Dataset excerpt:
______

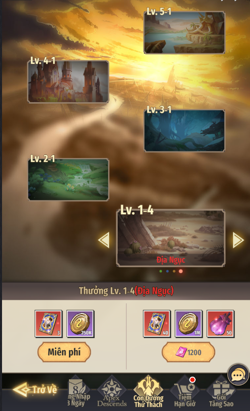 - Mức độ Địa Ngục 1-4: Sau khi vượt ải, có thể nhận miễn phí Vàng và Vé Chiêu Mộ Hư Không. Có thể dùng Ruby để nhận thêm thưởng gồm Vé Chiêu Mộ Hư Không, Vàng, Quả Thức Tỉnh
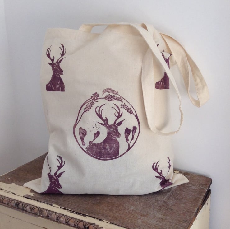 Beautiful hand printed cotton tote. A stag design printed in a muted purple colour using oil based inks and Lino printing.
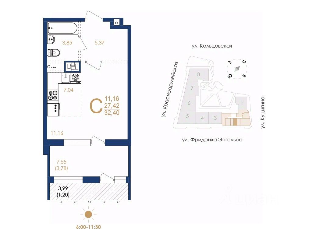 Строительная компания "ВЫБОР" предлагает купить однокомнатную квартиру в "Дом на Фридриха Энгельса" в Воронеже.

______

Activity: From the first line to the last, retype the data exactly, but omit every image.

Output for this task:
 - Mức độ Địa Ngục 1-4: Sau khi vượt ải, có thể nhận miễn phí Vàng và Vé Chiêu Mộ Hư Không. Có thể dùng Ruby để nhận thêm thưởng gồm Vé Chiêu Mộ Hư Không, Vàng, Quả Thức Tỉnh
 Beautiful hand printed cotton tote. A stag design printed in a muted purple colour using oil based inks and Lino printing.
 Строительная компания "ВЫБОР" предлагает купить однокомнатную квартиру в "Дом на Фридриха Энгельса" в Воронеже.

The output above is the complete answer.